ESWC'2006 - Trip report by Raphaël

3rd European Semantic Web Conference (ESWC 2006)

11-14 June 2006, Budva, Montenegro

3rd European Semantic Web Conference (ESWC 2006)
Author: Raphael, Véronique, Lora
CWI participants: Raphael, Lora
# participants: around 300

Overall impression

A nice conference, with more attendants than the previous year (around 300 this time). What I will name a "Core European Semantic Community" was here, and I personally feel at home with them :-) 181 papers have been submitted, for a final 26% acceptance rate.

All the workshops, poster/demo proceedings are available electronically here.

What you Mean is What you Match: Multimedia and the Semantic Web - Tutorial

Workshop URL: http://gate.ac.uk/conferences/eswc2006/multimedia-tutorial/
Participants: #20 (CWI: Raphael, Lora)
Personal opinion: Overal disapoiting!
The signal analysis guy just enumerate all that they can extract ... but it is so far away from what the user expect ! The SW guy talk only about text ! Michael did a nice talk, where we can begin to see some integration between multimedia and SW technologies. But its talk was too short. He will give us an extended talk during his visit in CWI July 13th-14th.
Globally, once again, we see perfectly how difficult it is to find people who has a vision and original ideas of how to combine the user needs, the computer analysis results, and the SW technologies! The gap is not only semantic ! It is between the communities, they don't talk to each other.
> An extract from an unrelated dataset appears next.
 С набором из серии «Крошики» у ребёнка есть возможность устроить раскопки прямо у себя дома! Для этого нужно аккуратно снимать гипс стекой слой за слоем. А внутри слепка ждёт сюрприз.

Stefan Rüger, Imperial College, London, UK.
Multimedia information retrieval background. He is in the Scientific Board of K-Space.
Content-based search: query by example. Goals: querying with a sound, image, keywords, to retrieve text, video, images, sounds, etc.
Automatic analysis: allows to automatically annotate images, with a bag of words. No interpretation, the Semantic Gap! Ontologies can define these terms and turn them into semantically defined concepts. He doesn't say a word how that can be done!
Related projects for bridging the Semantic Gap (K-Space, MMKM, Mesh)
Polysemy: an image = 1000 words! Use approximation and some relevance feedback to narrow the interpretation. Towards a recommendation system, very much like what Lloyd is doing in CHIP.
Quick state of the art on feature analysis, RGB colour model: what we can extract from images (colour histograms, structure maps, texture descriptors, text index, localisation feature, shape analysis, etc.).
Summary: many different low-level features can be computed, why did they do this?
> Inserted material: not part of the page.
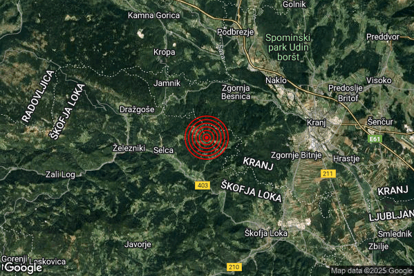 Oggi 31/12/2025 alle ore 18:47:30 (ora locale Italiana – 17:47:30 UTC) è stato registrato un Lieve #Terremoto di magnitudo M2.1 con epicentro “Slovenia (SLOVENIA)” Latitudine: 46.23 Longitudine: 14.25 mostrato sulla mappa.

to describe a complex multimedia object
to automatically annotate mm objects with sallient properties
to be able to compute similarities of mm objects
high-level features are not (yet) accessible

Raphael question: where is the user ? You just give us an enumeration of what you could automatically extract from an image or a video. That is fine for the TrecVid competition, but this is not what the user needs, nor what he will use !
Answer: correct ! The user has to be back in the loop. He really think that the future is then in providing (semantic) interfaces allowing relevance feedback. New interaction means so that the user can select what is looking for from a snapshot / browsing system of a collection.
Complement from aceMedia: Raphael is right! In aceMedia, we draw 100 user scenarios, but the content analysis people thought this scenario were unrealistic, so they just do what they know what are able to do. Today, one year before the end of the project, there is NO overlap between the user needs and the technologies offered. None of the senarios are satisfied ! Moral: DON'T DO THAT in K-Space ! Spend time to properly define the user scenario ...

Valentin Tablan, University of Sheffield, UK.
Semantic Web side, but only text-oriented:-( Talk only about the SEKT project
Semantic annotation, why ? Enable SW technologies to aggregate search results, summarize, inference ... better retrieve through conceptual search!
Extracting Semantics from Text: based on Information Extraction (named entity recognition, relation extraction, event detection, etc.). Not only bag of words but look for the structure in the text.
HLT tools could be used for segmenting multimedia content (split video into segments). Use of the ASR transcript: not precise. Correct the ASR with the Web (good quality entities)!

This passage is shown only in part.